--- Supplied data ---

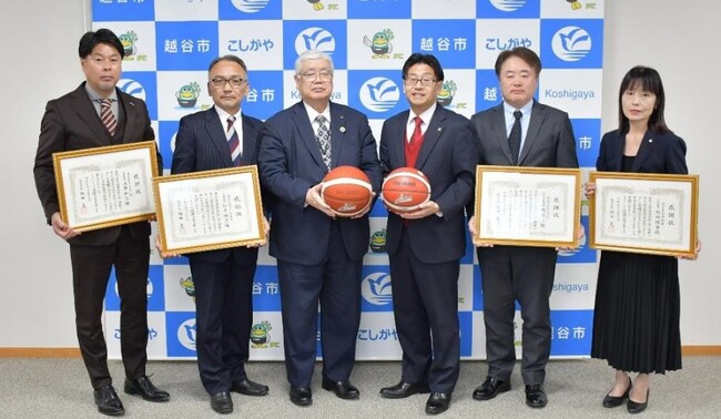 越谷アルファーズが実施している「越谷市内小中学校へバスケットボール寄贈プロジェクト」に賛同したパートナー企業から、市内小中学校全校にバスケットボールが寄贈されました。
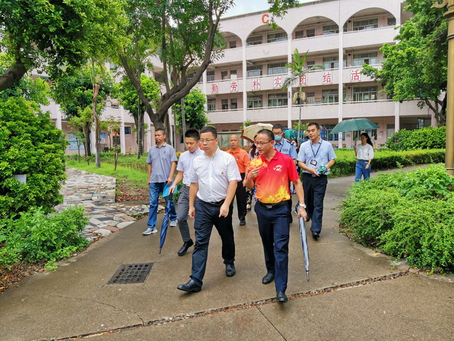 8月13日下午,勒流街道黨工委書記王光、宣傳文體局副局長郭永添同志以及相關單位領導,在教育局常務副局長王家倫同志的陪同下蒞臨我校對創(chuàng)文工作進行視察。
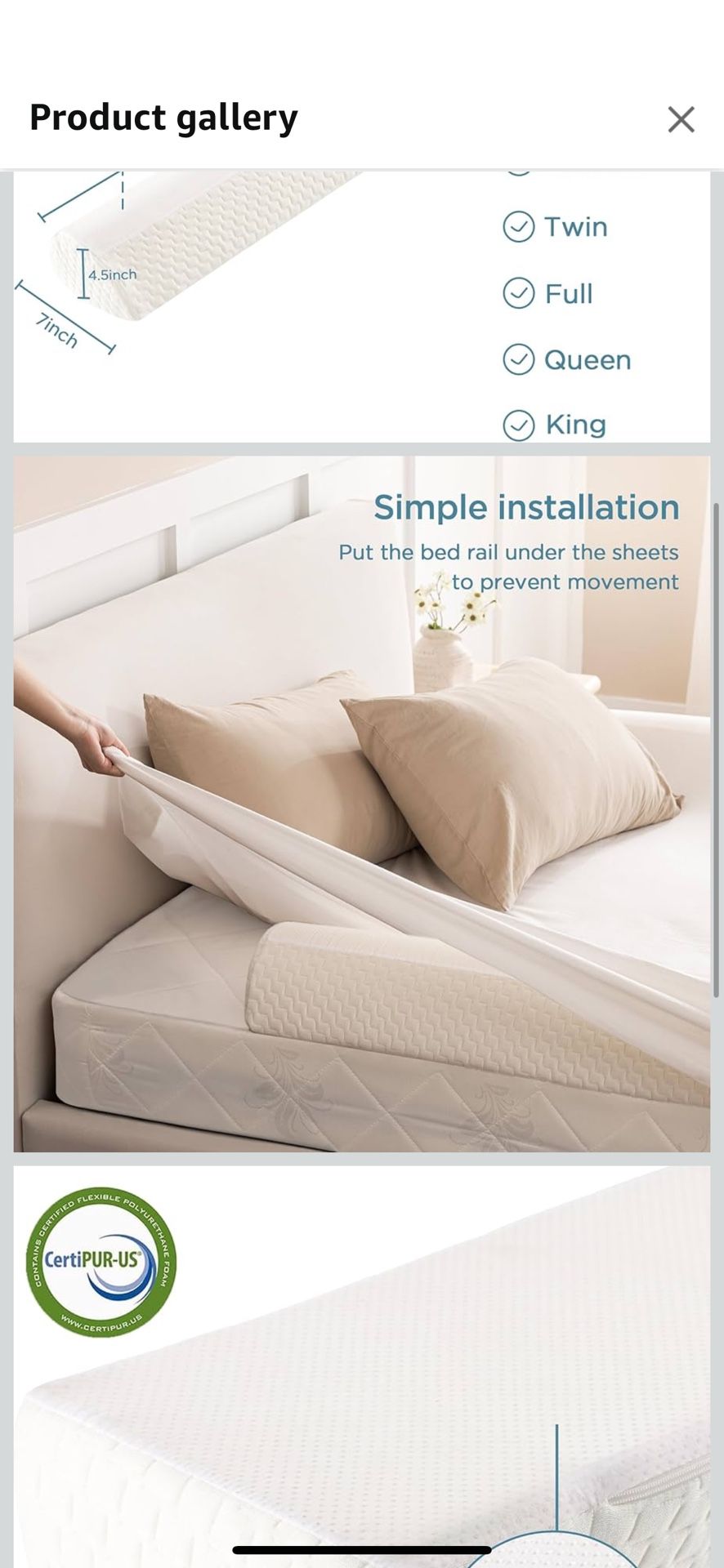 2 bed bumpers to prevent kids from rolling off the side of the bed. The bottoms have a light grip and you place it under the sheet. Worked wonders to keep my son from falling off.
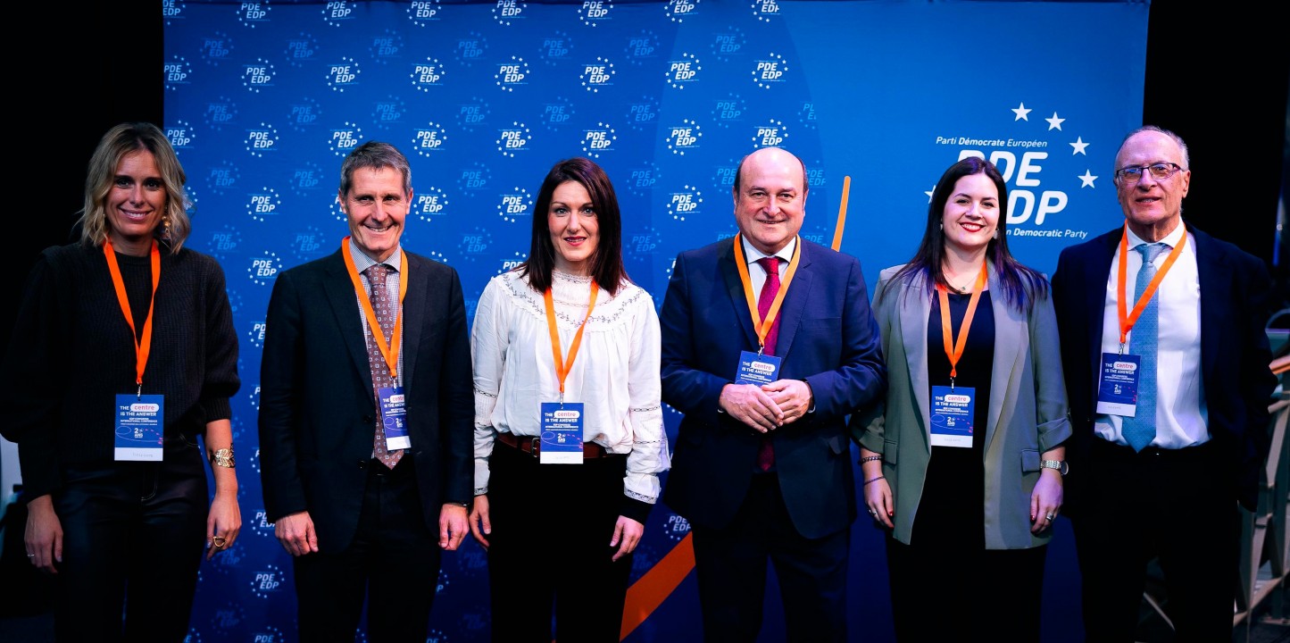 El presidente del Euzkadi Buru Batzar y vicepresidente del PDE, Andoni Ortuzar, ha encabezado la delegación jeltzale que hoy, viernes 6 de diciembre, ha asistido al encuentro político que el Partido Demócrata Europeo (PDE) ha organizado en el Autoworld de Bruselas, en pleno Parque del Cincuentenario, para celebrar el 20º aniversario de su constitución. EAJ-PNV es miembro fundador del PDE. Ortuzar se ha desplazado a la capital europea junto con el burukide responsable del Área de Acción Exterior, Mikel Burzako; la eurodiputada de EAJ-PNV, Oihane Agirregoitia; la secretaria del Euzkadi Buru Batzar, Mireia Zarate; la número 2 en la lista de EAJ-PNV en las Elecciones Europeas del 9 de junio, Aitana Agirre; y el secretario adjunto del PDE y referente histórico de la Acción Exterior de EAJ-PNV, José Mari Etxebarria. Bajo el lema ‘The centre is the answer’ (‘El centro es la respuesta’), el PDE ha conmemorado su efeméride con un acto en cuyo transcurso ha dado a conocer su nuevo logo, que pasa a estar presidido por la palabra ‘Democrats’ y que añade a su ya clásico azul europeísta el color naranja.

---

Work required — From the very first line of the listing above through the line that holds "2 bed bumpers", write out each line exactly as it stands, leaving pictures out.

Task output —
 越谷アルファーズが実施している「越谷市内小中学校へバスケットボール寄贈プロジェクト」に賛同したパートナー企業から、市内小中学校全校にバスケットボールが寄贈されました。
 8月13日下午,勒流街道黨工委書記王光、宣傳文體局副局長郭永添同志以及相關單位領導,在教育局常務副局長王家倫同志的陪同下蒞臨我校對創(chuàng)文工作進行視察。
 2 bed bumpers to prevent kids from rolling off the side of the bed. The bottoms have a light grip and you place it under the sheet. Worked wonders to keep my son from falling off.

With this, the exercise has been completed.